Мадрид был практически отрезан. Только по доро­гам, связывающим с Валенсией и Албасете, еще осу­ществлялся подвоз продовольствия.

Мятежники наступали с четырех сторон четырьмя далеко растянутыми колоннами. В самом городе, особенно по ночам, активно действовало вооруженное подполье. Понятие «пятая колонна» вскоре ста­ло международным.

Военная техника поступала через Португалию. В Лиссабоне, в отеле «Авис», разместился центр вербовки волонтеров. Германские и итальянские транспорты были освобождены от таможенных и фрахтовых сборов. Предназначенные для Франко самолеты обслужива­лись на местных аэродромах в первую очередь.

Правительство Народного фронта с Ларго Кабальеро во главе направило демократическим странам призыв о помощи. Национальное правительство, сформирован­ное в Бургосе, со своей стороны требовало полного невмешательства во внутрииспанские дела. Германия и Италия, не прерывая поставок бургосским мятеж­никам, дали заверения, что присоединяются к соглаше­нию о запрещении ввоза оружия.

Их представители в Международном комитете по вопросам невмешательства Отто фон Бисмарк и посол Гранди даже не попытались опровергнуть факты несоблюдения нейтралитета, но сообщили об анало­гичных нарушениях со стороны СССР. Оперативная съемка зафиксировала суда с тяжелым вооружением на черноморских причалах. Те же пароходы, только под другими названиями, были замечены в испанских портах. Под видом добровольцев Москва направляла кадровых офицеров. Большинство из них проникало в Испанию из Франции. Естественно, в штатском и под чужими фамилиями. Абвер и СД с первых же дней установили наблюдение за транзитными пассажирами. «Пятая колонна» получила указание фотографировать каждого, кто появляется вблизи правительственных учреждений, парадных и митинговых трибун, аэро­дромов и любых военных объектов. Особое внимание обращалось на летчиков и танкистов. По фотографиям, сделанным в Берлине, пытались опознать советских военных советников, разведчиков и командиров РККА. Но доказательств, которые нельзя было бы оспорить, собрали не слишком много.
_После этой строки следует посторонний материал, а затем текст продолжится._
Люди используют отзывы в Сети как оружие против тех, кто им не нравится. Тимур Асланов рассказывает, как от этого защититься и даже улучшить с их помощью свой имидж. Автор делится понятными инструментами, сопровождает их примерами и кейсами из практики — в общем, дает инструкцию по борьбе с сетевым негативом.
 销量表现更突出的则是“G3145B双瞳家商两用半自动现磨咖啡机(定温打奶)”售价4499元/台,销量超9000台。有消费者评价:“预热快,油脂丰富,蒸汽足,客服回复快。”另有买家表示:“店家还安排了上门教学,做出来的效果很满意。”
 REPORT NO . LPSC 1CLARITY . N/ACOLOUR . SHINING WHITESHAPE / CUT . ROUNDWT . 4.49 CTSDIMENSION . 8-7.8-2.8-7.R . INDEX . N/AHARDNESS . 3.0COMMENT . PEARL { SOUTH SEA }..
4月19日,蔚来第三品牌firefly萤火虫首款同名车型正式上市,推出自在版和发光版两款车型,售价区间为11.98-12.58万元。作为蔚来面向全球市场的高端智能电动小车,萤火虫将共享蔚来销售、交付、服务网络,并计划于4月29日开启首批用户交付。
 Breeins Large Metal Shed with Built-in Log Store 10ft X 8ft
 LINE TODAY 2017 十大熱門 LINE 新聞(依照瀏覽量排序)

Лорд Плимут, председатель Комитета по невме­шательству, уподобился рефери на состязании сопер­ничающих команд. Считал штрафные очки, воздерживаясь от сурового осуждения и конкретных действий. Его возможности оказать давление на Португалию, с одной стороны, и на Францию, с другой, по существу, были весьма ограниченны, хотя премьер Леон Блюм и министр иностранных дел Ивон Дельбос, в прошлом журналист и профессор литературы, действовали с большой оглядкой на Англию. Да и какое значение могут иметь отдельные эпизоды, если все разговоры о невмешательстве служат лишь дымовой завесой? Сомневаться в том, что на полях Испании схлестнулись две беспощадные силы: коммунизм и фашизм — мог только явный слепец. Так стоило ли разнимать хищни­ков? В Лондоне считали, что ситуация для этого еще не созрела. Пусть сначала хорошенько намнут друг другу бока. Исконный принцип «разделяй и властвуй» лежит в основе всякой политики. Антони Иден, однако, сомневался в его непогрешимости, справедливо считая, что беспринципное маневрирование лишь усиливает от этапа к этапу позиции как Германии, так и СССР на международной арене и нужно объединить усилия против большего из двух зол, но к нему не прислуша­лись.
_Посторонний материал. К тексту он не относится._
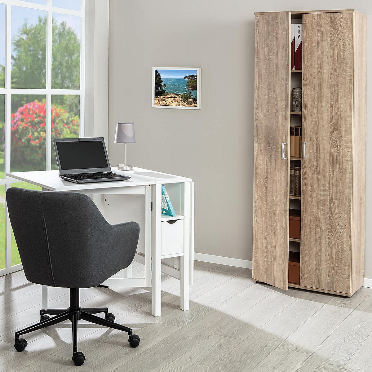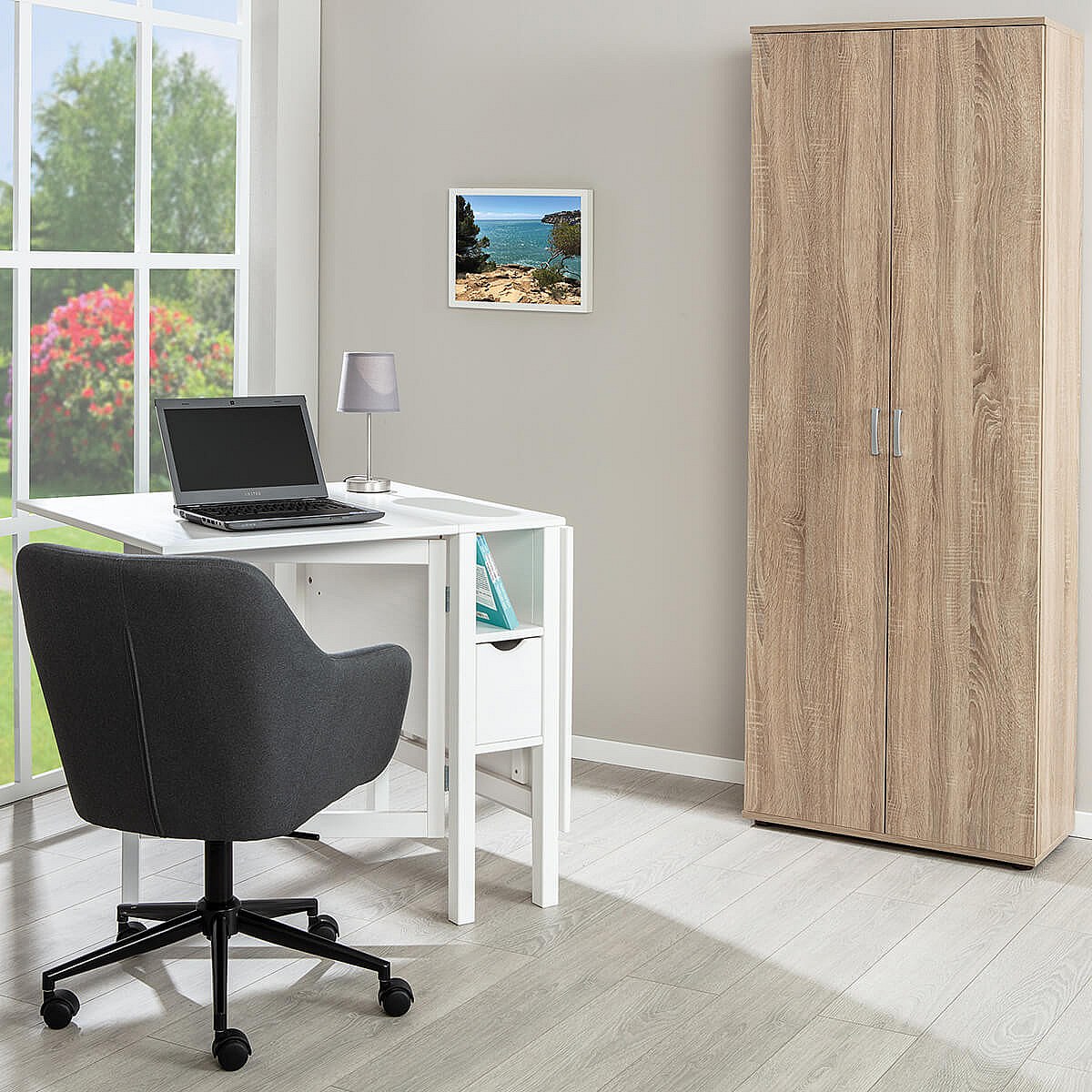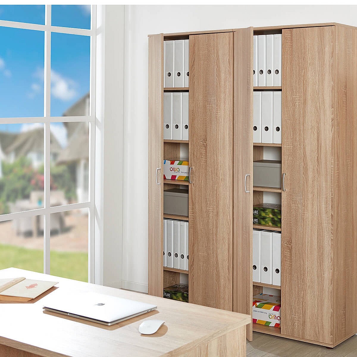 LIST - Armoire 2 Portes 6 Compartiments Aspect Bois

Полпред Майский направил в Форин офис ноту с предложением признать и восстановить право испан­ского правительства на закупку оружия. В противном случае, следовало недвусмысленное предупреждение, советское правительство не будет считать себя связан­ным соглашением о невмешательстве в большей мере, чем другие участники.

В ответ последовал подробный перечень нарушений, допущенных СССР и Италией. «Счет» штрафных очков, как мог бы выразиться лорд Плимут, был три — один не в пользу Союза. Германия и Португалия вообще не упоминались. Обмен мнениями в какой-то степени легализовал существующий порядок вещей.

На другой день после праздника Кристобаля Коломба — обещанный Франко парад так и не состоял­ся — транспорт «Большевик» выгрузил в порту Карта­хены ящики, в которых находилось восемнадцать истребителей И-15, а вскоре в аэропорт к югу от Али­канте прибыли сто пятьдесят советских авиаторов, в том числе пятьдесят пилотов. И-15, прозванные ис­панцами «чатос»[23] в первом же бою подожгли два итальянских «Фиата». Эскадрилья истребителей И-16, которые у республиканцев получили прозвище «москас» и «рата»[24] — у националистов, были выгружены в Бильбао и уже через месяц брошены против немецких «хейнкелей».

Легионеры из «Кондора» были неприятно пора­жены явным превосходством советской техники. Двухмоторные бомбардировщики СБ-2 — «Катюша» (три пулемета 7,62 мм, бомбовая нагрузка 500 кг, скорость 420, дальность 1000) в течение долгих месяцев почти беспрепятственно совершали налеты на тылы. Лишь набрав большую высоту и спикировав на пре­дельной скорости откуда-нибудь из-за облаков, итальян­ские и немецкие истребители получали хоть какой-то шанс перехватить их над линией фронта.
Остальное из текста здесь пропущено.